Retype nothing except the lines below from the one with "随后,黑田纯夫法师一行到云水" through the one with "Estimating how long", exactly, with images left out.

§ **Source material**
┄┄┄┄┄┄┄┄┄┄┄┄┄┄┄┄┄┄┄┄

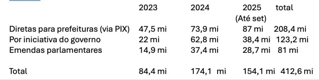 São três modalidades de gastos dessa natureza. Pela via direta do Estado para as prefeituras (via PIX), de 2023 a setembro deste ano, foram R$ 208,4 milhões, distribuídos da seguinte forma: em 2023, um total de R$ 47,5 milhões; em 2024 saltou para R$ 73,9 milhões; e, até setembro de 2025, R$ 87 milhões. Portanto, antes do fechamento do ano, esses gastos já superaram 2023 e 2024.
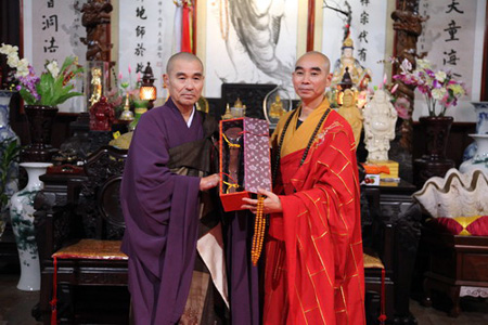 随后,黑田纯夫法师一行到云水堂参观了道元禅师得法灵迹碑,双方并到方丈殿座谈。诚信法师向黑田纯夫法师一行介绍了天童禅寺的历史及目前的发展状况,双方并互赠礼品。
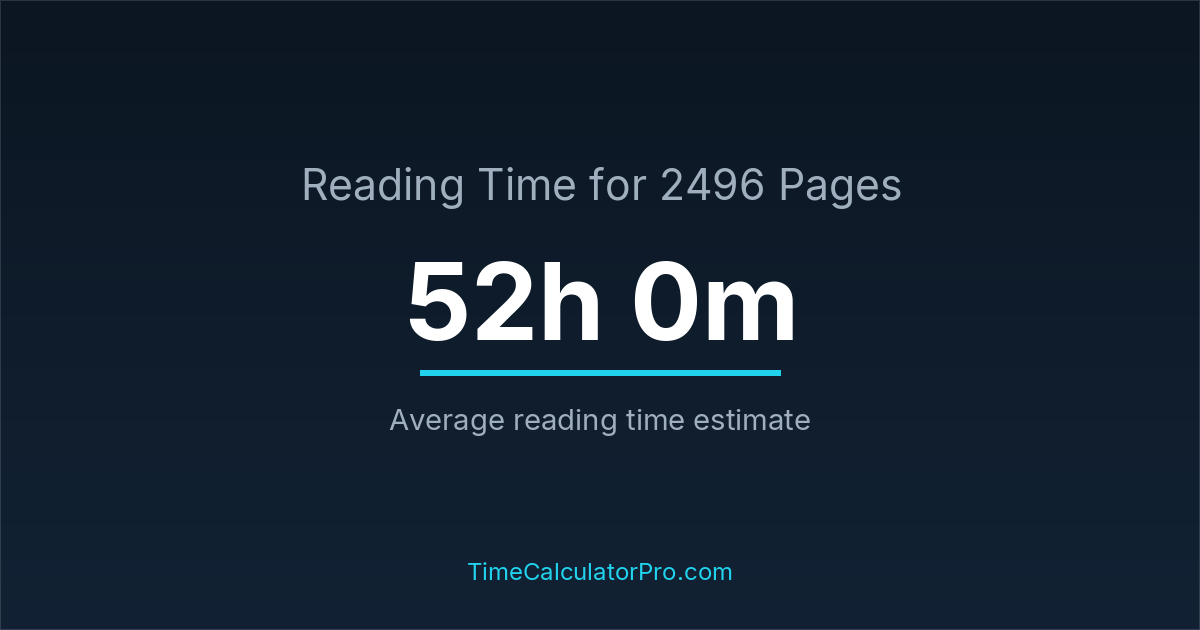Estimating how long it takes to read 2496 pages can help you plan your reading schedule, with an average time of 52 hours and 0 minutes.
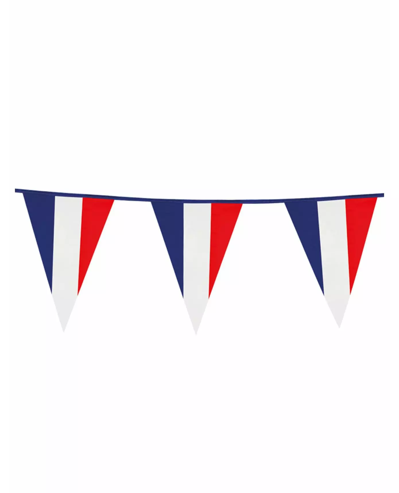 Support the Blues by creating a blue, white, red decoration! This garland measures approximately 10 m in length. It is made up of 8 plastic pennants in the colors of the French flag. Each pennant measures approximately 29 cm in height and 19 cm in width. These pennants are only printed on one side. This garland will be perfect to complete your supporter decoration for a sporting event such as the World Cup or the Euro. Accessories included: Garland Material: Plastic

┄┄┄┄┄┄┄┄┄┄┄┄┄┄┄┄┄┄┄┄

§ **Solution to the problem**
 随后,黑田纯夫法师一行到云水堂参观了道元禅师得法灵迹碑,双方并到方丈殿座谈。诚信法师向黑田纯夫法师一行介绍了天童禅寺的历史及目前的发展状况,双方并互赠礼品。
Estimating how long it takes to read 2496 pages can help you plan your reading schedule, with an average time of 52 hours and 0 minutes.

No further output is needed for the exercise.